Prebuilt binary dependencies Link to heading

A third approach worth mentioning: distributing dependencies as prebuilt XCFrameworks instead of source packages. If a dependency ships a binary target, or you build one yourself, there’s nothing to compile. But this comes with its own trade-offs (architecture management, trust, debugging difficulty) and is a separate topic.

Notes and tips Link to heading

First run is always a cache miss. No way around it. The first build on a new runner, new branch, or after a Package.resolved change is a full build. The savings come from the second run onward.

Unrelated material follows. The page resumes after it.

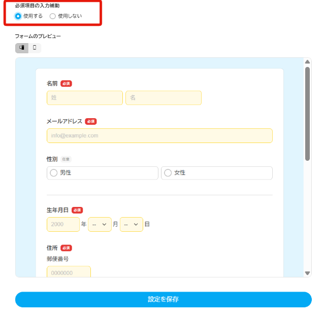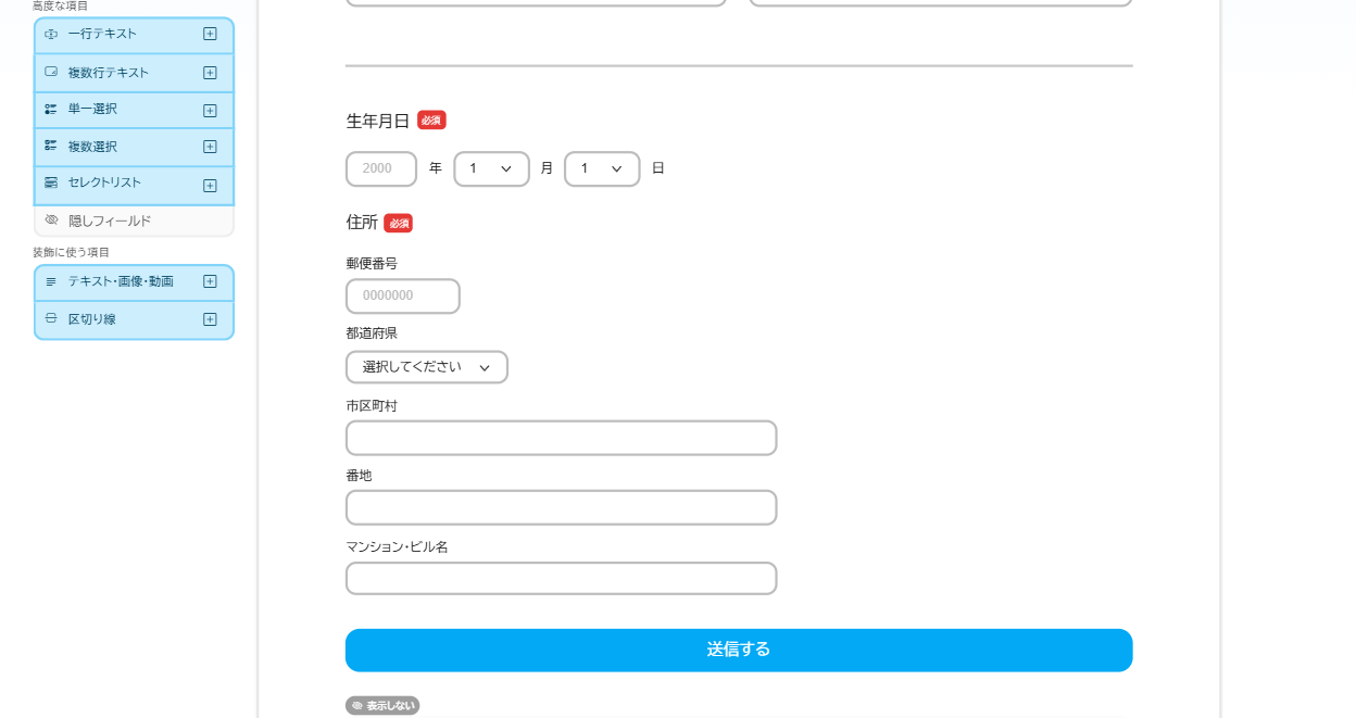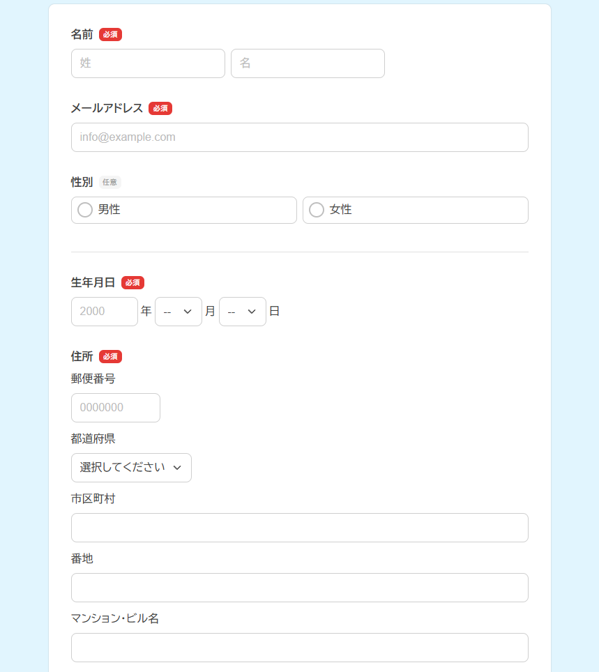 • 氏名・住所などの入力項目

Failed jobs don’t save cache. By default, actions/cache only saves on successful job completion. If your build fails, the cache isn’t updated. This is usually what you want — you don’t want to cache broken build artifacts. But it means a failing test doesn’t contribute to warming the cache for the next run.

Selective path caching. You don’t have to cache all of DerivedData. For xcodebuild, build products live under .build/Build and source packages under .build/SourcePackages. Caching just these two paths avoids storing logs, test results, and other ephemeral data — and helps stay within GitHub’s 10 GB per-repository cache limit.

fetch-depth: 0 cost. A full clone can add 5–30 seconds depending on repository size. For repos with very large histories, weigh the trade-off against the mtime restoration savings. For most projects, it’s worth it.

Cache key ordering matters. restore-keys are tried in order. Put the most specific prefix first for the best partial match.